PROBLEM TO WORK ON: Count the lines in the listing below that contain the word "projet" and report that number alone.

SOURCE MATERIAL:
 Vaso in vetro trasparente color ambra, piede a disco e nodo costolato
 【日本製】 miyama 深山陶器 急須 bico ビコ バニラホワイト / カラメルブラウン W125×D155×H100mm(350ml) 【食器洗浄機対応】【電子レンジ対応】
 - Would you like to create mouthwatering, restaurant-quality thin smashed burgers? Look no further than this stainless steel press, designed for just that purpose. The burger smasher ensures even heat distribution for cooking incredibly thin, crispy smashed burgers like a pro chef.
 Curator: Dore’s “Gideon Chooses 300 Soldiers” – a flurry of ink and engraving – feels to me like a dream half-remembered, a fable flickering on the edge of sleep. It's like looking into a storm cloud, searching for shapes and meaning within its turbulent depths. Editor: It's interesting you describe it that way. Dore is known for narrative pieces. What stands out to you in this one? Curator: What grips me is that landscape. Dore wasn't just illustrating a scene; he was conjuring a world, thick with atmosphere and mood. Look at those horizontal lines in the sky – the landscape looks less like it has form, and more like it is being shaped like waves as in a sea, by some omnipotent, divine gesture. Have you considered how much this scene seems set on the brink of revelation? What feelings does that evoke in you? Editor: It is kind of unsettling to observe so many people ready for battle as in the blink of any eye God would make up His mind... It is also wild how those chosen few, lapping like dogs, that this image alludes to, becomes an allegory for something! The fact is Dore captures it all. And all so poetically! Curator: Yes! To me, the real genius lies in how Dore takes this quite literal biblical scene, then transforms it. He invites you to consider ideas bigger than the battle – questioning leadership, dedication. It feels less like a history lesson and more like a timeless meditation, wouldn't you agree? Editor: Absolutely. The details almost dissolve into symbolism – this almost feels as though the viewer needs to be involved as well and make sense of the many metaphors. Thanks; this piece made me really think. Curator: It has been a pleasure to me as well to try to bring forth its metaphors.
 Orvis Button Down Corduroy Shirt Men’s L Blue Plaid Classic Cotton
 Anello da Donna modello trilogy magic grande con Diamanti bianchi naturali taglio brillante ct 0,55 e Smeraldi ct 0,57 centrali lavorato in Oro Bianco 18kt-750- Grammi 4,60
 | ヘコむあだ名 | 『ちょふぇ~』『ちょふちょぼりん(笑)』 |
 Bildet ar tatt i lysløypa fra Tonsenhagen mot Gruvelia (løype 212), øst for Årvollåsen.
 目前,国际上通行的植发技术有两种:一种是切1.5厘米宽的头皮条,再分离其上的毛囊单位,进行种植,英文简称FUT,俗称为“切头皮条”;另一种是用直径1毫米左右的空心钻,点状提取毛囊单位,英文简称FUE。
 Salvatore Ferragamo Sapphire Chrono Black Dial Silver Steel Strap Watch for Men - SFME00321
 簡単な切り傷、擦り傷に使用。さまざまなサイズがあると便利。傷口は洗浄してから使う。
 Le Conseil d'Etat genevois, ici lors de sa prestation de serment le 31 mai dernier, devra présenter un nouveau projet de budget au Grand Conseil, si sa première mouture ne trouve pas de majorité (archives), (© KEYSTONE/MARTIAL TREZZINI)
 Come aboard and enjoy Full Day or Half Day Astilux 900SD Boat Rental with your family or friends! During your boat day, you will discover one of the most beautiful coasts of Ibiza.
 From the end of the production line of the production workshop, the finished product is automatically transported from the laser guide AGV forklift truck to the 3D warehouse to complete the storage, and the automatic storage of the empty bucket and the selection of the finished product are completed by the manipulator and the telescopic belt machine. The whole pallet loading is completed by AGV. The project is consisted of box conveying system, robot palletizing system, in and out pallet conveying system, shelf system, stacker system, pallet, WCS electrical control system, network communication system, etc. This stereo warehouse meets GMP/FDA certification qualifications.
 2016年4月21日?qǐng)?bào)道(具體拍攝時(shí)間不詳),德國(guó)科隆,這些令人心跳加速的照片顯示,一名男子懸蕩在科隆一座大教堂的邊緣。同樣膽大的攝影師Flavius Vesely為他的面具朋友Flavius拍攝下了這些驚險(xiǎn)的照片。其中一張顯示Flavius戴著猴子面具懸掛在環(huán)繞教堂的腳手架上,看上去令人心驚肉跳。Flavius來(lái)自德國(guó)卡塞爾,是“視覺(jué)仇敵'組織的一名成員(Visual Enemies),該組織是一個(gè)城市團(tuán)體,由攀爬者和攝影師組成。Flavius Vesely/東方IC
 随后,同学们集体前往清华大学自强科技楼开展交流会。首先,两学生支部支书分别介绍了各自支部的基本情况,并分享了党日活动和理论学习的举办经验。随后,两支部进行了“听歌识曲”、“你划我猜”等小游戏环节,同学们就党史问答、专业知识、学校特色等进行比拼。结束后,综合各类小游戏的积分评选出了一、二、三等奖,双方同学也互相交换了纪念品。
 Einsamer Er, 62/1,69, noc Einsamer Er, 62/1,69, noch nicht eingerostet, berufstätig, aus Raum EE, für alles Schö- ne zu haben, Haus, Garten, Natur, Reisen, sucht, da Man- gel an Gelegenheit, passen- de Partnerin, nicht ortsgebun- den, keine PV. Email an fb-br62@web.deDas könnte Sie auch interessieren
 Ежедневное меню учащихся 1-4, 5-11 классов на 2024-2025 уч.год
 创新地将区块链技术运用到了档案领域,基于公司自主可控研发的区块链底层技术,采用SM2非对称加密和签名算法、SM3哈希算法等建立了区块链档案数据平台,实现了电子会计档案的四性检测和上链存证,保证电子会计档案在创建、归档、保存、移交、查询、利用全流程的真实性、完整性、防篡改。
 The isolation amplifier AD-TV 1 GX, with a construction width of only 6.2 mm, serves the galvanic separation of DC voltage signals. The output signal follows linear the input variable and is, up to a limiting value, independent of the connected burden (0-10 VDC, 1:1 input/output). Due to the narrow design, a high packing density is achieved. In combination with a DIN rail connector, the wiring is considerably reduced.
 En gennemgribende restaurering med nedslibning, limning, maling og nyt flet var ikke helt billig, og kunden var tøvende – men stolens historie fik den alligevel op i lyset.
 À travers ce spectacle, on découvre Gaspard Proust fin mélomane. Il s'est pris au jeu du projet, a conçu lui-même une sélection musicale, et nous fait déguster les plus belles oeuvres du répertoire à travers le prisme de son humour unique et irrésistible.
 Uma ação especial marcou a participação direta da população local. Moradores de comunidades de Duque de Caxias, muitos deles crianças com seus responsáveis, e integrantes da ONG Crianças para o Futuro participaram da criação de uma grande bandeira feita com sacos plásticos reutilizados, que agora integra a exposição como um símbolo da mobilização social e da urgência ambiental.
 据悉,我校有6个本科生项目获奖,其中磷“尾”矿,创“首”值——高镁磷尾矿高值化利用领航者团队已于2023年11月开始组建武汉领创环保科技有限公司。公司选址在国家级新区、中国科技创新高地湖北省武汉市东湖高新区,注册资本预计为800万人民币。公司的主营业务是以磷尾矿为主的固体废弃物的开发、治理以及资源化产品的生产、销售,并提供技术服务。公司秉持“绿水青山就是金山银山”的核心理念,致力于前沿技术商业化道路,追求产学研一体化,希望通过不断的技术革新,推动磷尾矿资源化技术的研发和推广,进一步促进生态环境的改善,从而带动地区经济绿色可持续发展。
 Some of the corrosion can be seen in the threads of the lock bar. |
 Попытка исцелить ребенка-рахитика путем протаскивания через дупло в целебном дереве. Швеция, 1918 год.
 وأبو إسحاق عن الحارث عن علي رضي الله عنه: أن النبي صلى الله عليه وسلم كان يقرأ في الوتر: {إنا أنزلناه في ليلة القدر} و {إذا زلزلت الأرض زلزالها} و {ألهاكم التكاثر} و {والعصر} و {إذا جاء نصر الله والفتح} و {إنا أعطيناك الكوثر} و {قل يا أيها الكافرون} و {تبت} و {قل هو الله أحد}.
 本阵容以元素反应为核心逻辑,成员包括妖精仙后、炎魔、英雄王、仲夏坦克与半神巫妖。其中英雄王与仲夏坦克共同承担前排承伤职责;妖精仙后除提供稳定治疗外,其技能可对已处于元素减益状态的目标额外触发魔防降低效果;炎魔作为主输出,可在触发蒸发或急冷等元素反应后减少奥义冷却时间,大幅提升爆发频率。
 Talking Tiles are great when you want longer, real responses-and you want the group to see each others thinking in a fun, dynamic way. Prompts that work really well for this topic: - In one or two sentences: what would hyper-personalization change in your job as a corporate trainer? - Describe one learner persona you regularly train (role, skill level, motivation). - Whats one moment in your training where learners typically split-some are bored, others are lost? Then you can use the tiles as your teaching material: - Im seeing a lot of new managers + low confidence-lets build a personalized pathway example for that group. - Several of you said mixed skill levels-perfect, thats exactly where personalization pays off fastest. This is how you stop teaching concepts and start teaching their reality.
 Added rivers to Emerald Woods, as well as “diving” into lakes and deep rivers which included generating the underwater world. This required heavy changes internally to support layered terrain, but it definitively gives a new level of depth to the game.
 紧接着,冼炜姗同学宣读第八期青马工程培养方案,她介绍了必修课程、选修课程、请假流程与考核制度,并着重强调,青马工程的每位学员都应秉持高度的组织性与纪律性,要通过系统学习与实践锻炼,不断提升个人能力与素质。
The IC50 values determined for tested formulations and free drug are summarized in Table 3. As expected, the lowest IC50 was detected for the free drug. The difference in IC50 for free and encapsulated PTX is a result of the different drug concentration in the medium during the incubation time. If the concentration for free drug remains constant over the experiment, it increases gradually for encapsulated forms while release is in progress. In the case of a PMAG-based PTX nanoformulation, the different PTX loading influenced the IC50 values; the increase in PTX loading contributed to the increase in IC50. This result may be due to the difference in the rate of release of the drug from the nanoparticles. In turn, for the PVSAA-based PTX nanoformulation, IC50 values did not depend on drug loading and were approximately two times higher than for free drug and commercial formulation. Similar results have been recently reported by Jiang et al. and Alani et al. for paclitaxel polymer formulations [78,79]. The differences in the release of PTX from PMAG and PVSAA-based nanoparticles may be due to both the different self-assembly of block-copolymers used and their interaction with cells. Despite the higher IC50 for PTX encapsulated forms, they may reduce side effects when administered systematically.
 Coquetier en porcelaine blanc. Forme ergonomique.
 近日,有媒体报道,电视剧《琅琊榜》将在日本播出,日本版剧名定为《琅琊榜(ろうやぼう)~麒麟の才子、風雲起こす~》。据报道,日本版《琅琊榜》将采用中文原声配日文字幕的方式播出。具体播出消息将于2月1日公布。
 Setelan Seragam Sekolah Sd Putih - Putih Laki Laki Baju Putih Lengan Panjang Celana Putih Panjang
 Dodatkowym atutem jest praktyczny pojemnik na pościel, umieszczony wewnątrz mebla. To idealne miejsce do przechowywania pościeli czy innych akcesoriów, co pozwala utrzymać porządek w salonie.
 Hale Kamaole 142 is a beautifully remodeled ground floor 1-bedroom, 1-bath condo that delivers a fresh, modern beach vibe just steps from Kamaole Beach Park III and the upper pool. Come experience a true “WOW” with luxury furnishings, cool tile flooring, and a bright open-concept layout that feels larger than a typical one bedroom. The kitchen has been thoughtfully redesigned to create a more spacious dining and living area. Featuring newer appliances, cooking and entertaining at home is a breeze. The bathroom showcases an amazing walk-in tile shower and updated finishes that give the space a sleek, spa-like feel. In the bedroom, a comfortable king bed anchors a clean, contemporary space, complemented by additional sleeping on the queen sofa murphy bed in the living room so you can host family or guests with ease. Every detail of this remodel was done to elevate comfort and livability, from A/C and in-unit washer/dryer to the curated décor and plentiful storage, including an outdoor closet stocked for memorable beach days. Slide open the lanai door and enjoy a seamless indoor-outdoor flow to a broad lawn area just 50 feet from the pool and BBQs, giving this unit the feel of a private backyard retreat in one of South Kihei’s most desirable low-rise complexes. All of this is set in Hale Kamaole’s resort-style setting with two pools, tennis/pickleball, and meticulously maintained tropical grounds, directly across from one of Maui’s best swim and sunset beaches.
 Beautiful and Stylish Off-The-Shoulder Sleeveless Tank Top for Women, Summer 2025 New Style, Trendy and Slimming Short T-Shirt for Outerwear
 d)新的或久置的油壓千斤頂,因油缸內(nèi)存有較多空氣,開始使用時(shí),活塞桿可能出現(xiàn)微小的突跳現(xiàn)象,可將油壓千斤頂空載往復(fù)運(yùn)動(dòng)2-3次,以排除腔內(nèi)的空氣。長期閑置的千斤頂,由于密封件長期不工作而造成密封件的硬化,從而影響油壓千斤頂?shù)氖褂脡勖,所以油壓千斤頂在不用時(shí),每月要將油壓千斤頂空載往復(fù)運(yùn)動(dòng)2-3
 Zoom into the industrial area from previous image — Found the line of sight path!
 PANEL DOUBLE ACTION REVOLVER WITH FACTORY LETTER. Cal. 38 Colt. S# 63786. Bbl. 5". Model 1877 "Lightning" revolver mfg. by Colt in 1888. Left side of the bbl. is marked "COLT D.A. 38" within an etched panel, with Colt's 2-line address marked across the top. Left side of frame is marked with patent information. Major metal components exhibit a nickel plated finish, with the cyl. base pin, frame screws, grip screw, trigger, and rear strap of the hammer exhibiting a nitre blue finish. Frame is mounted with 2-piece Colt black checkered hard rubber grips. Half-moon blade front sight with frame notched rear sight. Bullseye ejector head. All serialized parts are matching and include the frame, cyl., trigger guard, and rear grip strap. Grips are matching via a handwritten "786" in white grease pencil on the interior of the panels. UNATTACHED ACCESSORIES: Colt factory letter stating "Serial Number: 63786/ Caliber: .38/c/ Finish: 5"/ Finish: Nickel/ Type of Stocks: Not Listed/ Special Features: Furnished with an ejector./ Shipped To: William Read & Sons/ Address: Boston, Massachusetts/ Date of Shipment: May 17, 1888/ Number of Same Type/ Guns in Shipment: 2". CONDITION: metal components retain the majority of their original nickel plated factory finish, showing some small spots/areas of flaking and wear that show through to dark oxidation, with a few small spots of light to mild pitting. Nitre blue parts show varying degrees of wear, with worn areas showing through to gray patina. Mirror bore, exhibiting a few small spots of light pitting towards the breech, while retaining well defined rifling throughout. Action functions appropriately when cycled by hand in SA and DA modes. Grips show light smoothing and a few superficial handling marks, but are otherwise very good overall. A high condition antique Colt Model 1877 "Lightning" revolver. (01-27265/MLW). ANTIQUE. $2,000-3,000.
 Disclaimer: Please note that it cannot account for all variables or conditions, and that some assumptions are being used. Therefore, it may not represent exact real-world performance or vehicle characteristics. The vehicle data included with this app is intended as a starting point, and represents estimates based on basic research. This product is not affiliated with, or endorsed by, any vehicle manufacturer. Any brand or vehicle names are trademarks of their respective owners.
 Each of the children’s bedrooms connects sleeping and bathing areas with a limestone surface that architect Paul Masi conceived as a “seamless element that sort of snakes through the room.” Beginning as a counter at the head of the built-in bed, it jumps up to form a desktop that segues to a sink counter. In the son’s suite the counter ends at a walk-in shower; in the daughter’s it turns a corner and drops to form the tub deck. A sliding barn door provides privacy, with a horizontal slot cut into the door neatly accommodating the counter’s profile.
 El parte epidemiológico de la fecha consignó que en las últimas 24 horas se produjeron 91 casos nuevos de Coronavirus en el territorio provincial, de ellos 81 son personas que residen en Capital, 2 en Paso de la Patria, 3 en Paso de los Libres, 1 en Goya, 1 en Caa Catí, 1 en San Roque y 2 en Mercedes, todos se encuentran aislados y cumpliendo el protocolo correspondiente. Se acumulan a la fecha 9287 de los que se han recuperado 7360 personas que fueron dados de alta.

RESULT: 2